Cybersecurity in 2025 – 8,000 Updates a Week and 33 Days of Downtime
Ian Stuart, head of the British division of HSBC, admitted that the threat of cyberattacks is so severe it keeps him awake at night. He stated that cybersecurity is now the top priority, and protecting against vulnerabilities costs the banking sector enormous sums. He emphasized that attacks are constant, and the problem is no longer hypothetical.
Along with other bank executives, Stuart spoke before the UK Treasury Committee, which is analyzing the financial sector's vulnerability to disruptions and cyberattacks. The discussion gained urgency after it was revealed that over the past two years, nine of the UK’s largest banks and building societies experienced at least 803 hours of technological outages—equivalent to over 33 days of continuous downtime.
The situation has been further exacerbated by recent attacks on retailers. Disruptions at Co-op and Marks & Spencer* were the result of targeted cyberattacks, confirming that threats now extend far beyond the financial sector. Cybersecurity expert Lisa Forte from Red Goat noted that Stuart’s remarks highlight a critical turning point—attacks are not just more frequent but also more effective and aggressive. She stressed that the focus is no longer on the possibility of an attack but its inevitability.

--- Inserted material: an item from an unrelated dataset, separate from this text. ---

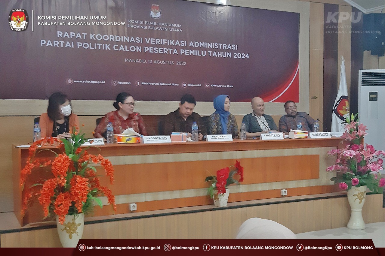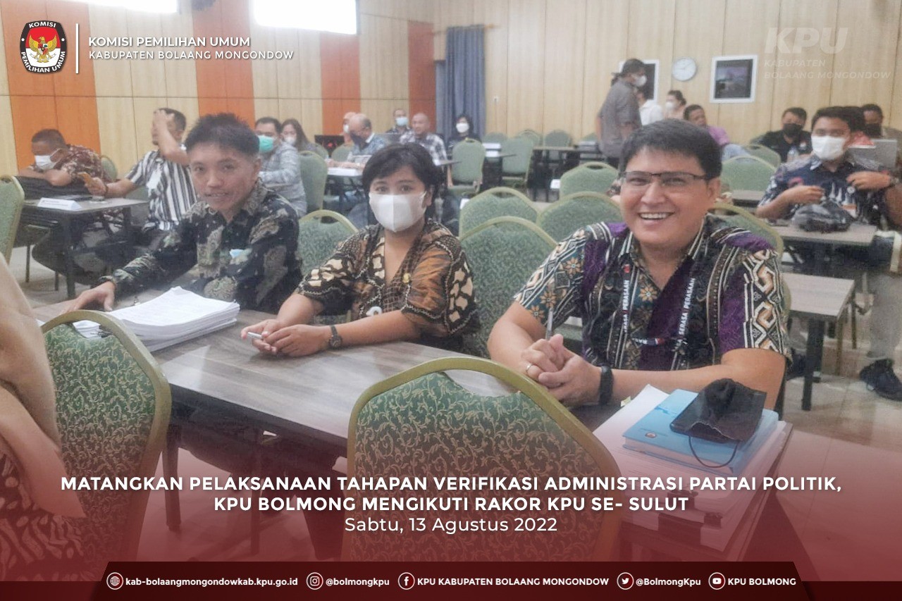 MATANGKAN PELAKSANAAN TAHAPAN VERIFIKASI ADMINISTRASI PARTAI POLITIK, KPU BOLMONG IKUTI RAKOR KPU SE-SULUT

In response to the growing threats, HSBC is investing hundreds of millions of pounds in IT infrastructure upgrades. Stuart pointed out that the bank processes up to a thousand payment transactions per second and implements around 8,000 technical updates weekly. He stressed that without robust security measures, such systems simply cannot function.
Professor Ollie Buckley from Loughborough University also believes the banking sector faces "relentless" pressure from increasingly sophisticated attacks. He warned that attacks on financial institutions threaten not only customer data but also trust in the entire financial system. Breaches or errors can trigger chain reactions affecting markets, corporate reputations, and user confidence.
According to the data presented, between January 2023 and February 2025, eight banks—including Barclays, Lloyds, Nationwide, Santander, NatWest, Danske Bank, Bank of Ireland, and Allied Irish Bank—reported 158 incidents related to technological failures.
A particular focus for lawmakers was a Barclays outage in January, when a major online banking failure coincided with payday for many Britons. The issues lasted several days, and the bank may face up to £12.5 million in compensation payouts. Barclays UK CEO Vim Maru apologized, clarifying that the incident was not caused by a cyberattack or malicious activity.
However, the problems didn’t end there—in February, similar disruptions affected over 1.2 million people nationwide, impacting Lloyds, TSB, Nationwide, and HSBC. These events underscore the immense challenges the banking industry faces in the digital age.